EXERCISE DETAILS: Your task is to copy the lines of the data below from the line holding "Sigorta bayilerini poliçe" through the line holding "2.通过4-氟苯磺酰氯和碘乙烷合成氟苯乙砜,收率约16%;", inclusive, exactly and with nothing added.

RECORDS SUPPLIED:

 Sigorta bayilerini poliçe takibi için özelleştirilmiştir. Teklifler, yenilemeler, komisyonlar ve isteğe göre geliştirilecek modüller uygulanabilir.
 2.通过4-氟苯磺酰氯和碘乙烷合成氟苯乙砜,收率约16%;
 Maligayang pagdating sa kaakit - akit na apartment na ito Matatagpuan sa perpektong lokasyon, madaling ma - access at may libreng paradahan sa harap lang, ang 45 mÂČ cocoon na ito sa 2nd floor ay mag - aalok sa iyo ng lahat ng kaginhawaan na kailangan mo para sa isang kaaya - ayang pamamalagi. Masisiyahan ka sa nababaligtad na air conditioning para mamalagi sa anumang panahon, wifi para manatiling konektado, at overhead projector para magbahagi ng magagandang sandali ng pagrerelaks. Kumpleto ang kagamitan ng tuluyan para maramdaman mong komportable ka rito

---

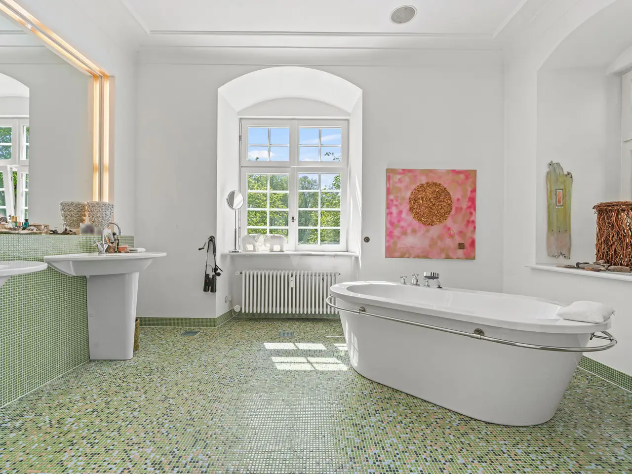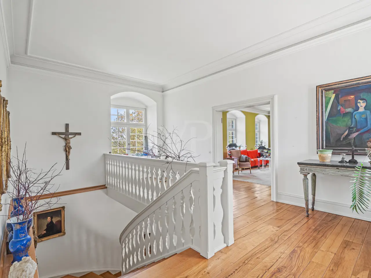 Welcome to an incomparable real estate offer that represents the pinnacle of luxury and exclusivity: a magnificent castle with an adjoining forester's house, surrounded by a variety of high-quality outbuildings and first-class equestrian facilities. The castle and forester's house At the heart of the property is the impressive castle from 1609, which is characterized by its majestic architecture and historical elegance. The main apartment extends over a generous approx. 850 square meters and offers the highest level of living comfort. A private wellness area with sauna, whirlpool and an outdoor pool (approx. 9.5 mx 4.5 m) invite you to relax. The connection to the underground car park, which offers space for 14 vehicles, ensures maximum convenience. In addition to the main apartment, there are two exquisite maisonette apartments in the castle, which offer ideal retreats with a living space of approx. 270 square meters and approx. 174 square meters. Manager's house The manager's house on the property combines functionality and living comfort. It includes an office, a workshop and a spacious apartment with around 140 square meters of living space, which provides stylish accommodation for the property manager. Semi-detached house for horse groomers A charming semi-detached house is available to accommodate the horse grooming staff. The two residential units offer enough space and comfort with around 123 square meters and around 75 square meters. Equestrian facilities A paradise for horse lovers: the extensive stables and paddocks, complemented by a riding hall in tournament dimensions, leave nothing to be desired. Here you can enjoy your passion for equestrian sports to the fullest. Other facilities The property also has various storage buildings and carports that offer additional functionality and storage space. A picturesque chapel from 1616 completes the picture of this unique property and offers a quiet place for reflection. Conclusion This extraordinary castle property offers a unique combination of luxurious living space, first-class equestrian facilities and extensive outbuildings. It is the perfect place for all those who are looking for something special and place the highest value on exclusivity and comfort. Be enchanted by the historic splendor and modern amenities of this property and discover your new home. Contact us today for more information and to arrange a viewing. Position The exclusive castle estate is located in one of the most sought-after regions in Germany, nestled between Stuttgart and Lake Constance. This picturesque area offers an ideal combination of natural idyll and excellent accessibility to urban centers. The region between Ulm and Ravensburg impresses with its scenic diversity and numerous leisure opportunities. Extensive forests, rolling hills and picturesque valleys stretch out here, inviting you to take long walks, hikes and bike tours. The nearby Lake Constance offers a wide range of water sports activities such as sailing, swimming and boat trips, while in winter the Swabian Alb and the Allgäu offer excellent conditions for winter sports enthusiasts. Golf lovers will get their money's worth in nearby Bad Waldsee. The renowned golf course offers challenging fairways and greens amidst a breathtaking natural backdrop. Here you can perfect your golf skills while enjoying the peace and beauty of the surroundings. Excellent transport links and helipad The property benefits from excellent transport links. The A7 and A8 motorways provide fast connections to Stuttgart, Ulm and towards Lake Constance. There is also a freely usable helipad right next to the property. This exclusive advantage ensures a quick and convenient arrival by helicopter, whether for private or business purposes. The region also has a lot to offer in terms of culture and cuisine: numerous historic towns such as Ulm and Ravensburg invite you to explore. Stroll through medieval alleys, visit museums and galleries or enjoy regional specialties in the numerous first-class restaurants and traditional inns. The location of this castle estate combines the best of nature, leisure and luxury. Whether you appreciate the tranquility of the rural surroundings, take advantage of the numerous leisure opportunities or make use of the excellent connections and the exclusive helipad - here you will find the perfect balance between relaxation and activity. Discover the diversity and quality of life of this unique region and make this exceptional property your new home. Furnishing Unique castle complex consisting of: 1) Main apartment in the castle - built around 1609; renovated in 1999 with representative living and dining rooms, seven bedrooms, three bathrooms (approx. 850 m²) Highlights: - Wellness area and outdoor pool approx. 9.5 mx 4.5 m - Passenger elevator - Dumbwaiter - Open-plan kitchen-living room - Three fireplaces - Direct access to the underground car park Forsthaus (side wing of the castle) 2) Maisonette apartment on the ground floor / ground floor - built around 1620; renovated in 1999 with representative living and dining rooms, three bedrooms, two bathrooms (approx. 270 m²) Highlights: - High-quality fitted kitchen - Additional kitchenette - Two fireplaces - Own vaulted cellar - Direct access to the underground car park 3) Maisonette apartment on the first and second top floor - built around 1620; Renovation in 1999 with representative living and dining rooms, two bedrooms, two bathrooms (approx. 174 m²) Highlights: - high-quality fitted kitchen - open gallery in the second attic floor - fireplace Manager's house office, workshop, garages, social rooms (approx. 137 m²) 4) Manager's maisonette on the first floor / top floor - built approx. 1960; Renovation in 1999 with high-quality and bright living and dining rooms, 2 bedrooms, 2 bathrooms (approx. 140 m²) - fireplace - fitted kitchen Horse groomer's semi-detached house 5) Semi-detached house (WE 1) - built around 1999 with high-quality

TASK RESPONSE:
 Sigorta bayilerini poliçe takibi için özelleştirilmiştir. Teklifler, yenilemeler, komisyonlar ve isteğe göre geliştirilecek modüller uygulanabilir.
 2.通过4-氟苯磺酰氯和碘乙烷合成氟苯乙砜,收率约16%;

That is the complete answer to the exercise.